## What you should do
Retype, word for word, every line of the records below starting at the one that contains "实践团队到达法院以后,法官们" and ending at the one that contains "截止至发稿时,《湮灭之潮》B"; include both of those lines and nothing more.

## Task input
************

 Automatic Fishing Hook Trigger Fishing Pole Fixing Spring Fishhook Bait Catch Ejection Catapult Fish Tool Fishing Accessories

************

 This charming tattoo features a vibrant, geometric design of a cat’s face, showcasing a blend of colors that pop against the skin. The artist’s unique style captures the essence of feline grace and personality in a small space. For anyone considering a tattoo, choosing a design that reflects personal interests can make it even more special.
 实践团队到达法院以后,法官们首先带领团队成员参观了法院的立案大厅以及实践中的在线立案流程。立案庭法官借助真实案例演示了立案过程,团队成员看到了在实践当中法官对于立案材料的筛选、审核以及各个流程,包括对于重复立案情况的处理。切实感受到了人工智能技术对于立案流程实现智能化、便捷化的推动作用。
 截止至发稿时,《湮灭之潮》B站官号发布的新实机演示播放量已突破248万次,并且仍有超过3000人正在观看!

************

## Response to this task
 实践团队到达法院以后,法官们首先带领团队成员参观了法院的立案大厅以及实践中的在线立案流程。立案庭法官借助真实案例演示了立案过程,团队成员看到了在实践当中法官对于立案材料的筛选、审核以及各个流程,包括对于重复立案情况的处理。切实感受到了人工智能技术对于立案流程实现智能化、便捷化的推动作用。
 截止至发稿时,《湮灭之潮》B站官号发布的新实机演示播放量已突破248万次,并且仍有超过3000人正在观看!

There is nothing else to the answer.